El máximo tribunal mantuvo la decisión de la Corte de Santiago, que estimó que la controversia por el cierre unilateral de una cuenta corriente debía discutirse en una sede declarativa y no por vía de protección.
El pasado 08 de mayo la Corte Suprema en causa rol N°11.982-2026 confirmó la sentencia dictada por la Corte de Apelaciones de Santiago el 10 de febrero de 2026, que rechazó el recurso de protección interpuesto por Rhitec SpA contra Scotiabank Chile S.A.
La recurrente impugnó el cierre unilateral de la cuenta corriente bancaria, decisión que calificó como ilegal y arbitraria. Alegó vulneración de la igualdad ante la ley, el derecho a no ser juzgado por comisiones especiales, la honra y el derecho de propiedad.

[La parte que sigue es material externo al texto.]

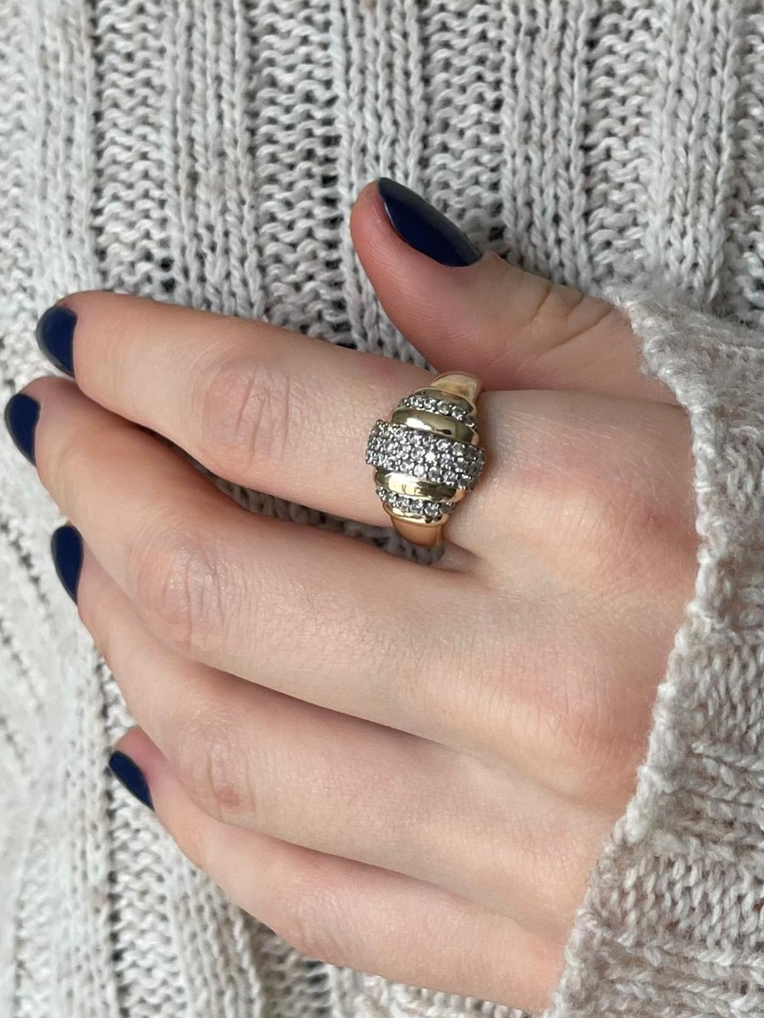 Üç Sıra Taşlı Kalın Kruvasan Yüzük

Según la acción, la empresa recibió una carta de aviso de cierre que indicaba como motivo “ARTICULO 10”, sin una explicación específica. Solicitó que se ordenara la reapertura de la cuenta y de los productos financieros asociados.
Scotiabank pidió el rechazo del recurso. Sostuvo que el cierre se vinculó con obligaciones de prevención de lavado de activos y financiamiento del terrorismo, y con la falta de antecedentes suficientes para justificar movimientos por $606.527.701 entre octubre y diciembre de 2024.

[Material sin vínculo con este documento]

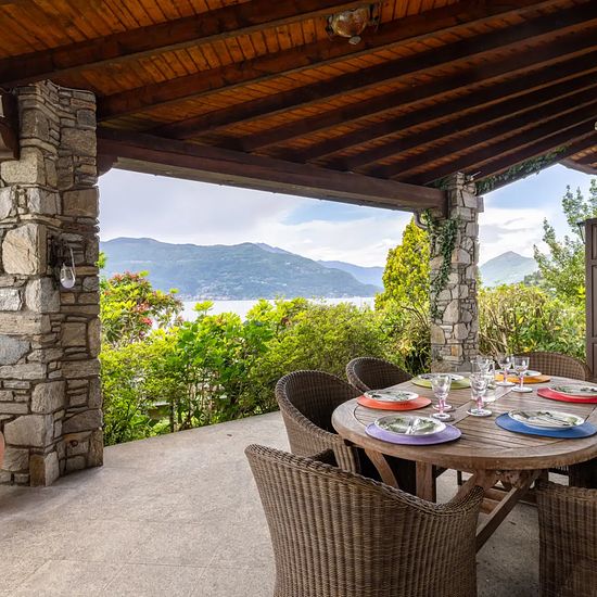 Questa magnifica Villa di 150 mq è situata in una zona residenziale immersa nel verde, in una posizione davvero privilegiata: da qui si può ammirare il lago in tutto il suo splendore. L’ingresso si apre su una spaziosa sala da pranzo e un salotto che affacciano direttamente sul portico. Qui potrete rilassarvi sorseggiando un drink in tranquillità o gustando un pasto in compagnia, contemplando la vista lago. Proseguendo si trova la splendida piscina che offre una splendida veduta sul lago e un rigoglioso parco, che circonda la proprietà. All'...

La Corte de Santiago estimó que la controversia tenía naturaleza contractual. Por ello, concluyó que no correspondía resolverla mediante el procedimiento cautelar de protección, sino en la instancia declarativa que resultara pertinente.
El fallo sostuvo que la acción de protección exige un derecho indubitado afectado por un acto u omisión ilegal o arbitrario. En el caso, la discusión sobre el alcance de las normas contractuales y la procedencia del cierre requería debate y prueba propios de un juicio de lato conocimiento.

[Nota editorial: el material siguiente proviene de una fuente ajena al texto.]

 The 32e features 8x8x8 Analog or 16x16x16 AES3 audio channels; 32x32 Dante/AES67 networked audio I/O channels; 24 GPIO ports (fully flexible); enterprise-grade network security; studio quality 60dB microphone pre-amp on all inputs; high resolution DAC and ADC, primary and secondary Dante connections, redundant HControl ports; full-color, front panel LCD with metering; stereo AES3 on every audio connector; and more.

La Corte también señaló que no se demostró la existencia de derechos indubitados protegidos por el artículo 20 de la Constitución que hubieran sido vulnerados mediante una privación, perturbación o amenaza atribuible al banco.
La Corte Suprema confirmó esa sentencia. La ministra Ravanales previno que concurrió a la decisión teniendo presente que se reclamaba falta de fundamentación, pero que de los antecedentes se desprendían las razones consideradas por la recurrida para cerrar la cuenta corriente.